Sylvia H. Rambo, United States District Judge.

The opinion of the court was delivered by: RAMBO



 Procedural Background

 Pro se plaintiff Michael Kindness instituted this action in the Court of Common Pleas of Dauphin County, Pennsylvania on or about October 23, 1986. On November 14, 1986, defendants Donald J. Spang and Robert A. Yohe filed a petition for removal of the action to this court, together with a removal bond, pursuant to 28 U.S.C. §§ 1441 and 1446.

 On November 19, 1986, defendants filed their answer to plaintiff's complaint. On November 20, 1986, plaintiff filed a petition to remand, to which defendants responded on December 5, 1987.

 Factual Background

 Plaintiff is an employee of Bethlehem Steel Corporation (Bethlehem Steel), working at the Steelton plant in Steelton, Pennsylvania. Complaint at para. 1. Defendant Donald J. Spang is employed by Bethlehem Steel as a Superintendent of Labor Relation. Complaint at para. 2. Defendant Robert A. Yohe is employed by Bethlehem Steel as a Superintendent in the Control Department. Complaint at para. 2.

 The basis of the complaint against defendants is that they allegedly gave slanderous testimony against plaintiff during a hearing held at Bethlehem Steel-Steelton Plant on January 20, 1986. Complaint at para. 22. On January 20, 1986, an arbitration hearing was conducted at the Steelton Plant between Bethlehem Steel and the United Steelworkers of America, Local Union No. 1688 (Union), concerning Grievance No. 83-07198. Petition for Removal at para. 6. The grievance proceeding was held in accordance with the collective bargaining agreement in effect between Bethlehem Steel and the Union, which agreement governed the terms and conditions of plaintiff's employment. Petition for Removal at para. 7.

 The specific incident which forms the basis of the complaint involves the alleged assault between plaintiff and another Bethlehem Steel Employee on August 16, 1984. Complaint at para. 16. After the incident, as part of their duties as managers at Bethlehem Steel, defendants investigated the charge of an employee dispute.
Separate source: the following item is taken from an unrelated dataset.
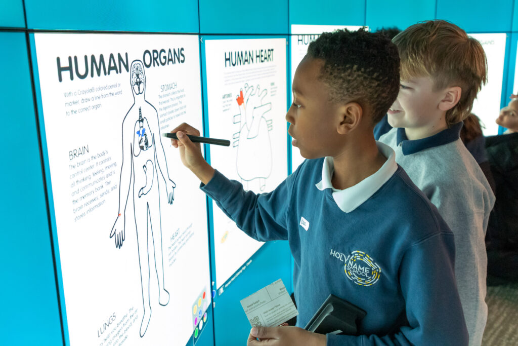 Fourth-grade students from Holy Name Elementary School entered the Davis Global Center on Jan. 13, the display rotating human organs, heart, lungs and more in the atrium’s three-story screen prompted a chorus of “ooohs” and “aaahs” from the youngsters.

As a result of the investigation, plaintiff was suspended from work for thirty days. Plaintiff subsequently filed a grievance, which culminated in the January 20, 1986 hearing.

 At the hearing, defendants testified regarding their investigation and allegedly slandered the plaintiff. Plaintiff seeks damages for the harm allegedly caused to his reputation and for wages lost during the thirty day suspension which was the subject of the grievance filed by plaintiff in accordance with the collective bargaining agreement between Bethlehem Steel and the Union. Complaint at para. 26.


 The instant case presents some very difficult issues of removal jurisdiction and preemption. Initially the court must note the distinction between the original jurisdiction of the federal courts and the preemption of state substantive law by federal law. "The field of labor law generally points up the importance of distinguishing between (a) exclusive jurisdiction and (b) the supplanting of state substantive law by federal law. In situation (a), the removed suit must be dismissed because of the derivative nature of removal jurisdiction." 1A Moore's Federal Practice, para. 0.167(8)(2d Ed. 1987).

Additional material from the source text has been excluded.